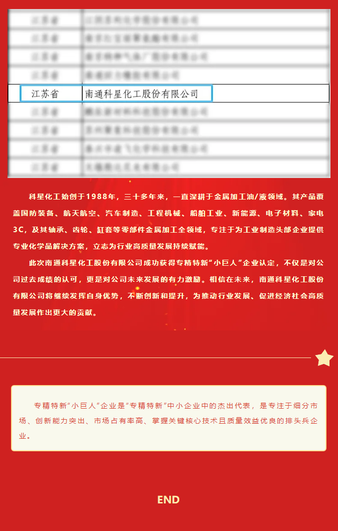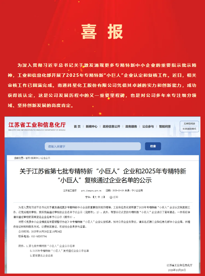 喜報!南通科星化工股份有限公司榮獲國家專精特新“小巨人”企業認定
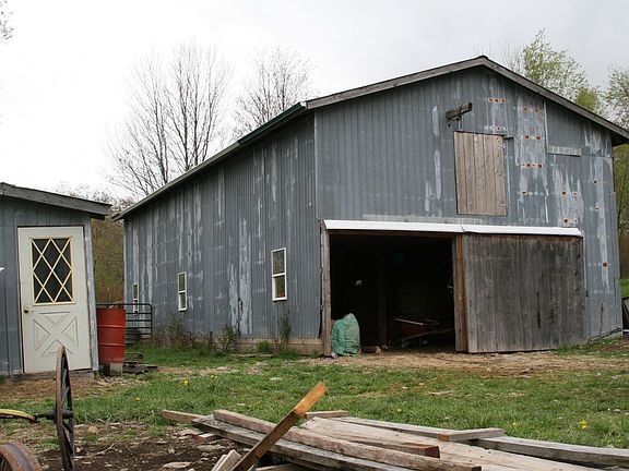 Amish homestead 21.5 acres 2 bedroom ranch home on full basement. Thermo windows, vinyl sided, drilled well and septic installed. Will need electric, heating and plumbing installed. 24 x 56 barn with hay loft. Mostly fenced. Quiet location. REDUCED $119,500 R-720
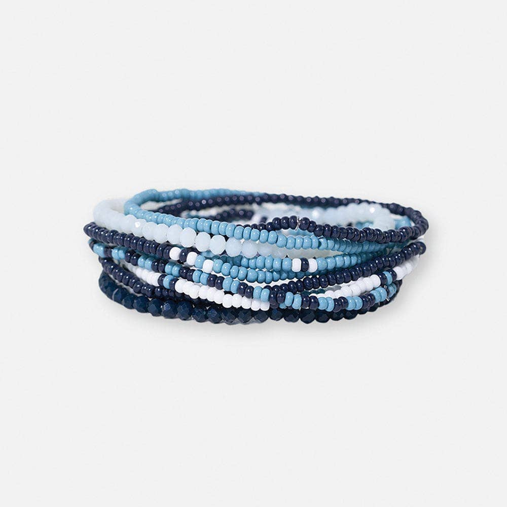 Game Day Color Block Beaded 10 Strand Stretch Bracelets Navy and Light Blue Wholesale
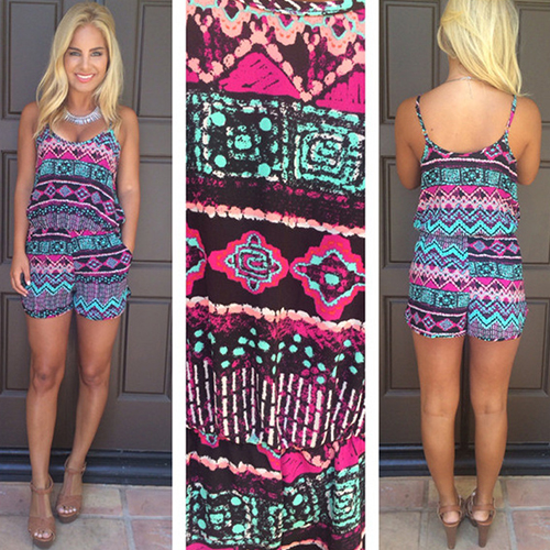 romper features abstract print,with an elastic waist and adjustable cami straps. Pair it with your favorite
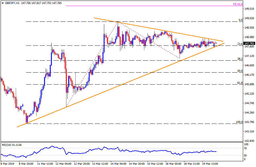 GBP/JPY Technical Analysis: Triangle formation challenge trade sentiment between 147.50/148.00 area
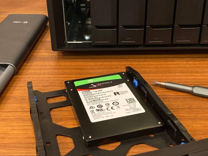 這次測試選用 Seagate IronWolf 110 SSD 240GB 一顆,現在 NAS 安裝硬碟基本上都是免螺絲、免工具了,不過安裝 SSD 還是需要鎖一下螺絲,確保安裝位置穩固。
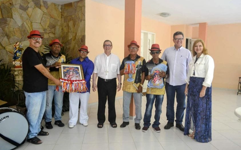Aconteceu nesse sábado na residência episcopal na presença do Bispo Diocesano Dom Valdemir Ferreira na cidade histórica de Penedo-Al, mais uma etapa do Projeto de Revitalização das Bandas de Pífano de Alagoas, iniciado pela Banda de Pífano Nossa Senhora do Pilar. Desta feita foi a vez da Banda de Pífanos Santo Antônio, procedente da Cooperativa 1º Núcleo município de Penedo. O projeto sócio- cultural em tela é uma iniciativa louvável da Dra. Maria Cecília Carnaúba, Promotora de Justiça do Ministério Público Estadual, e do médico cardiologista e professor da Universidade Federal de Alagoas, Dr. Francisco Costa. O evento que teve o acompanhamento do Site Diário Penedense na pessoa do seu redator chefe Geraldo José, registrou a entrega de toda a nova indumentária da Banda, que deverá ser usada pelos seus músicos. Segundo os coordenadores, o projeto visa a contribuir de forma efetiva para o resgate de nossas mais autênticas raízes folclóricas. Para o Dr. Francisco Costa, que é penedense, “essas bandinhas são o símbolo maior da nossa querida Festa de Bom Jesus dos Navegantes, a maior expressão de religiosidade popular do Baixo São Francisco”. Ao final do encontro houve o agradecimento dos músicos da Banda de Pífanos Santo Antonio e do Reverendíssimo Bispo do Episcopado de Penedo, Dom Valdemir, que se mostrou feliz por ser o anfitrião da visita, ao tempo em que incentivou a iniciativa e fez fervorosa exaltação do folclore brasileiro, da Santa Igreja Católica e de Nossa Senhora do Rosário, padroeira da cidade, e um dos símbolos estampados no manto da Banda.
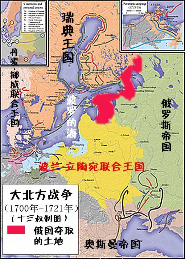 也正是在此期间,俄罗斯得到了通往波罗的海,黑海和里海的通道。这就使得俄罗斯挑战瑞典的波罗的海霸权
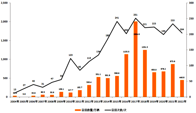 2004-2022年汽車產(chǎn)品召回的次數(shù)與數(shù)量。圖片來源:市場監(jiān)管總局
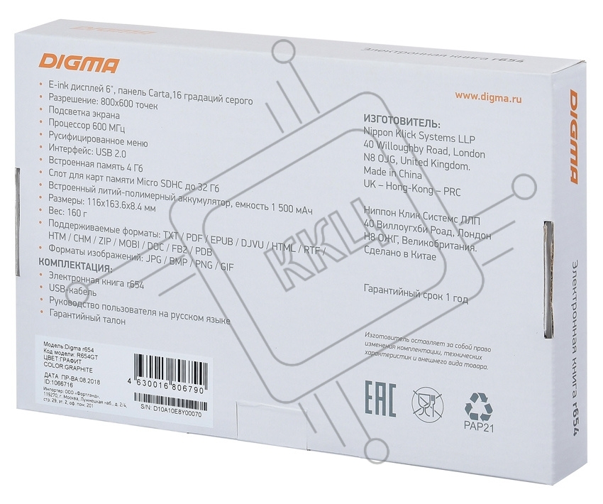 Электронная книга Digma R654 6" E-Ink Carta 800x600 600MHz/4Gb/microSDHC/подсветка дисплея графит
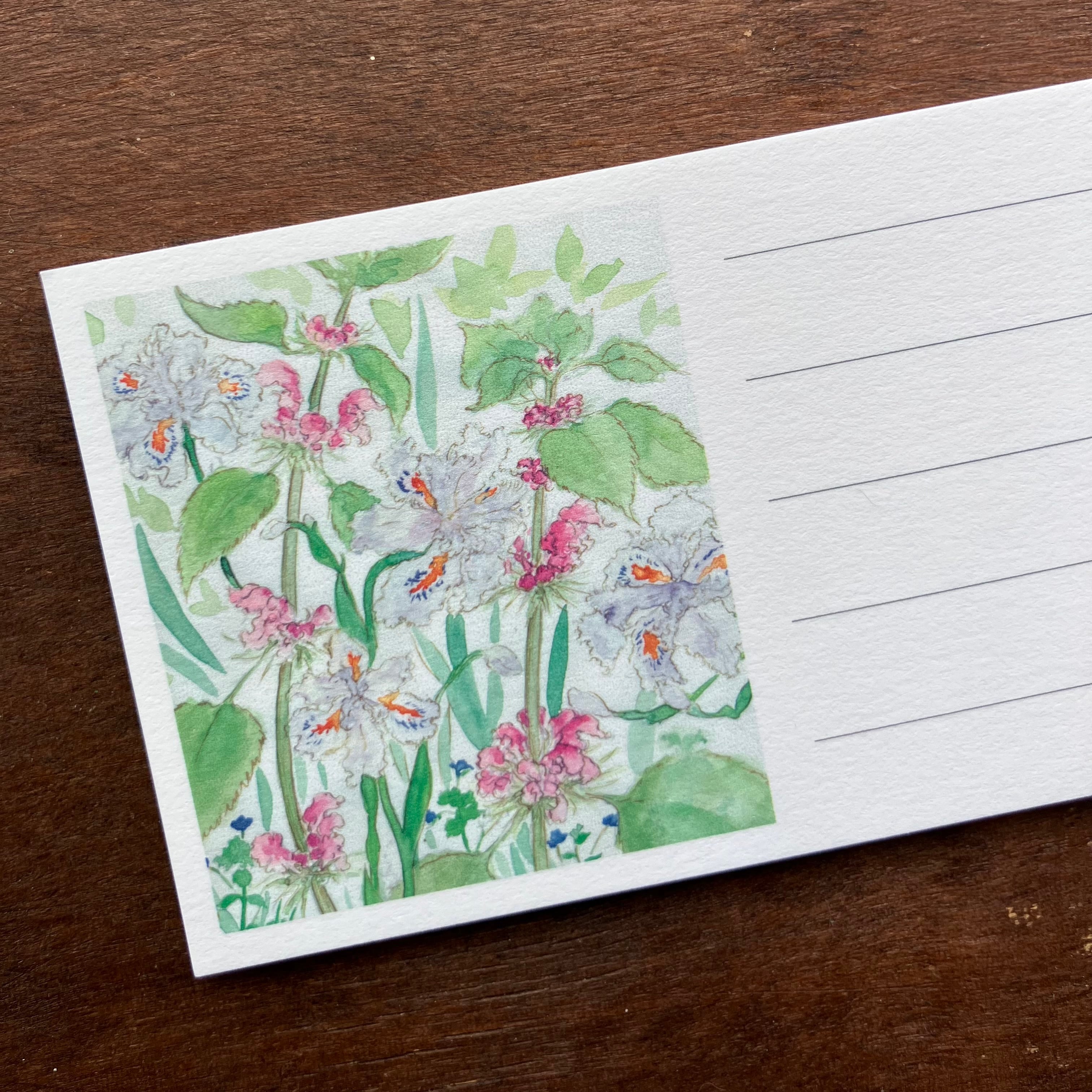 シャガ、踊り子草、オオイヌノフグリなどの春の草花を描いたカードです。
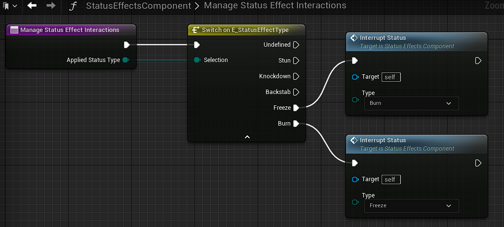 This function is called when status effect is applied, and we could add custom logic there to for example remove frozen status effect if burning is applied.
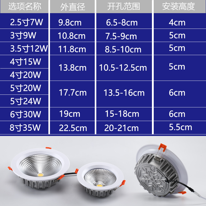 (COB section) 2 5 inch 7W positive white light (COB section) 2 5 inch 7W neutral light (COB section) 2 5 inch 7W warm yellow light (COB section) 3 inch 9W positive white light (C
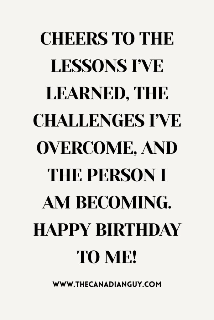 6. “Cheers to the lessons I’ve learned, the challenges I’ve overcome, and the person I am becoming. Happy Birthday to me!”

------------------------

◆ **WHAT IS REQUIRED**: Print the part of the listing above that opens with the line containing "Game Day Color" and closes with the line containing "romper features abstract". Copy it exactly, both ends included, and omit the pictures.

◆ **TASK ANSWER**:
 Game Day Color Block Beaded 10 Strand Stretch Bracelets Navy and Light Blue Wholesale
 romper features abstract print,with an elastic waist and adjustable cami straps. Pair it with your favorite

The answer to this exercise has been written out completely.